RECORDED INFORMATION:
↓↓↓
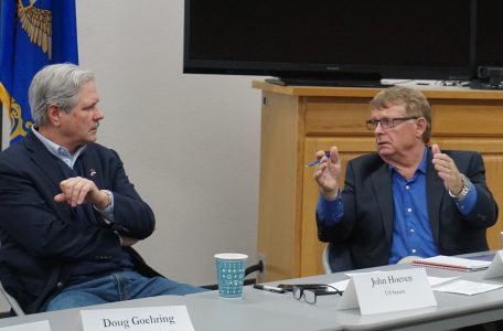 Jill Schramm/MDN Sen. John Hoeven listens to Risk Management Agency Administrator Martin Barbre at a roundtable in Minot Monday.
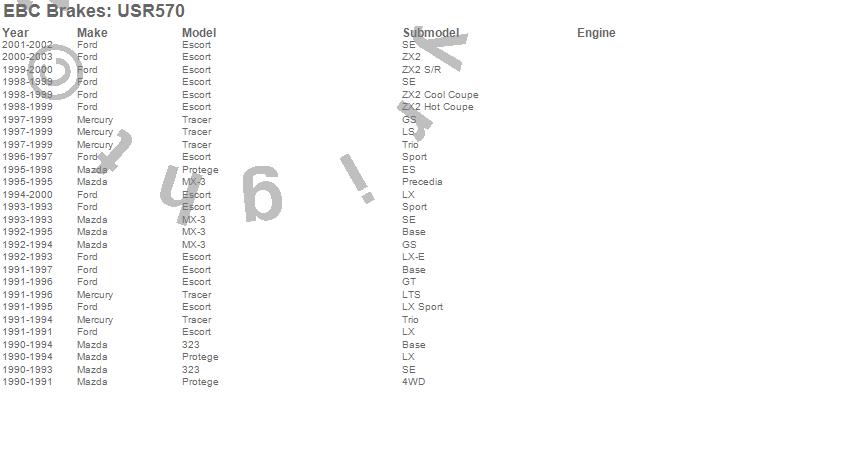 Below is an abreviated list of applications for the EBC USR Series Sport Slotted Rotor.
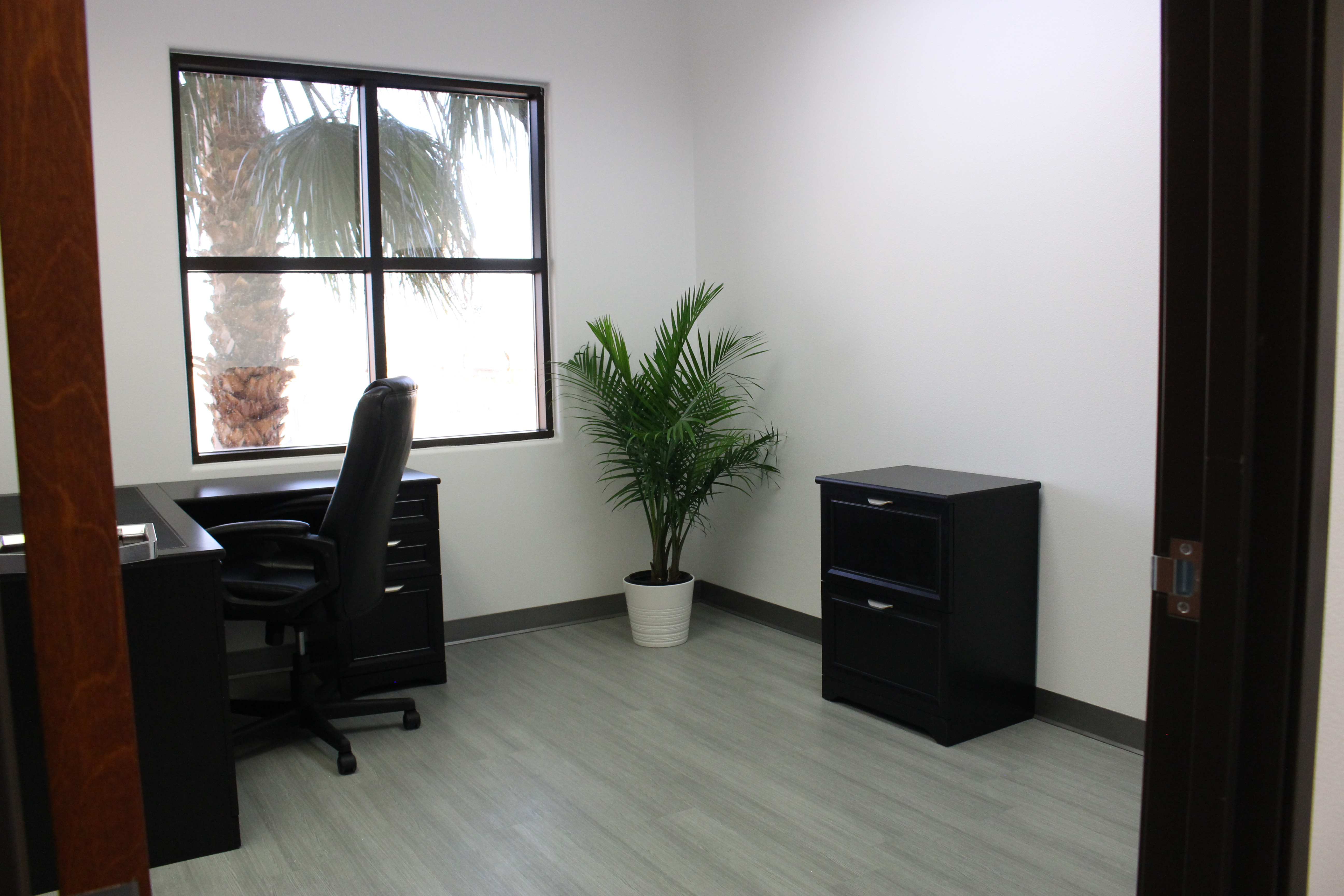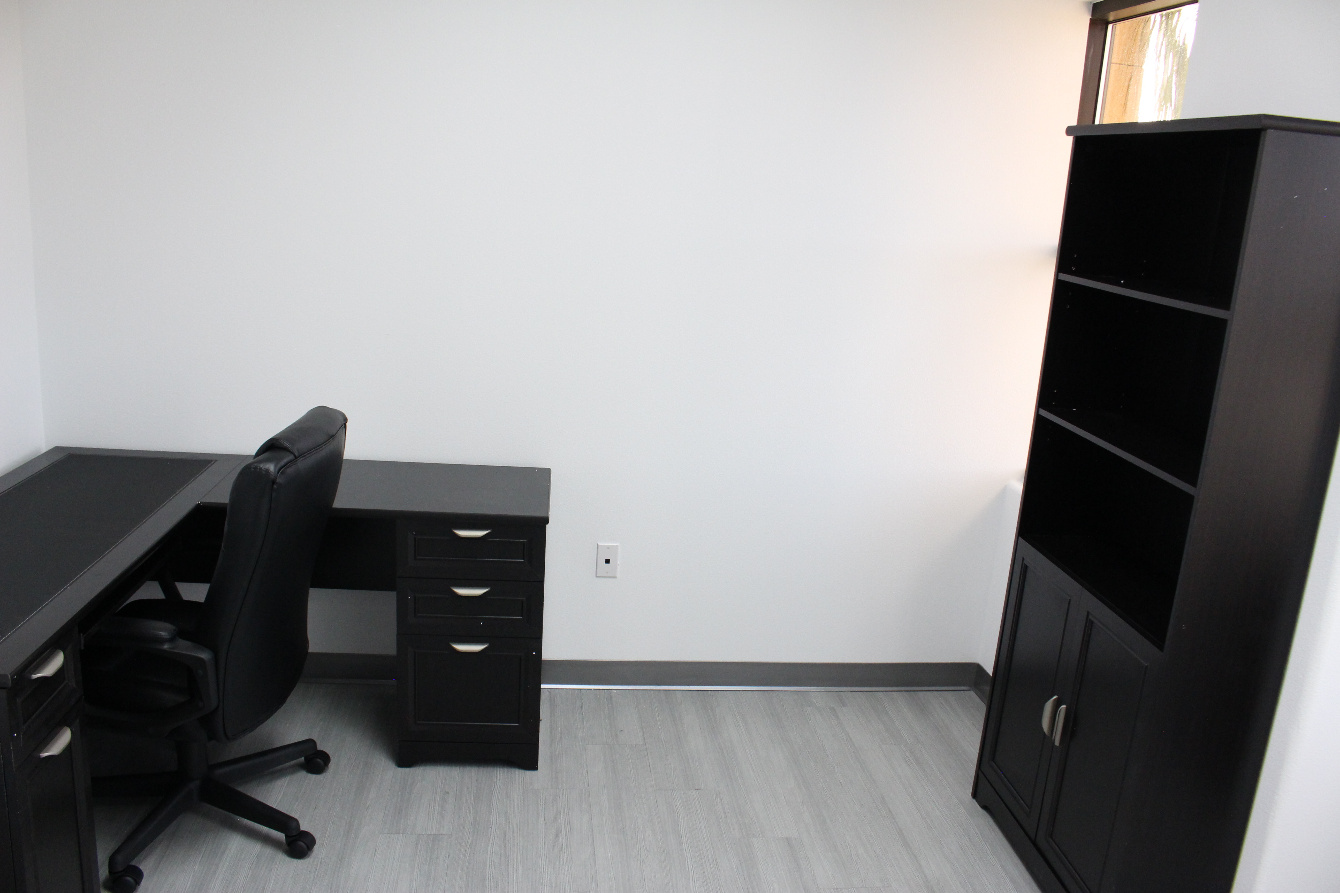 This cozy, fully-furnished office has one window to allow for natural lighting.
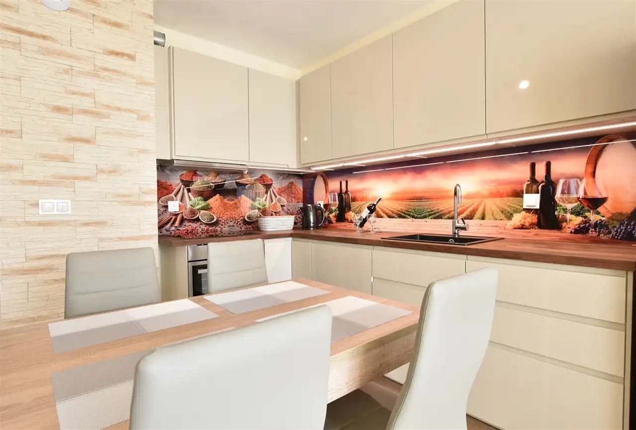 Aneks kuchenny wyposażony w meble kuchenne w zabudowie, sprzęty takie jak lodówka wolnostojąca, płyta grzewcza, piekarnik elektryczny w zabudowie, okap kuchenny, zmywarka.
↑↑↑
EXERCISE AIM: Would you copy each line above exactly as given, dropping any images?

ANSWER TO THE PROBLEM:
 Jill Schramm/MDN Sen. John Hoeven listens to Risk Management Agency Administrator Martin Barbre at a roundtable in Minot Monday.
 Below is an abreviated list of applications for the EBC USR Series Sport Slotted Rotor.
 This cozy, fully-furnished office has one window to allow for natural lighting.
 Aneks kuchenny wyposażony w meble kuchenne w zabudowie, sprzęty takie jak lodówka wolnostojąca, płyta grzewcza, piekarnik elektryczny w zabudowie, okap kuchenny, zmywarka.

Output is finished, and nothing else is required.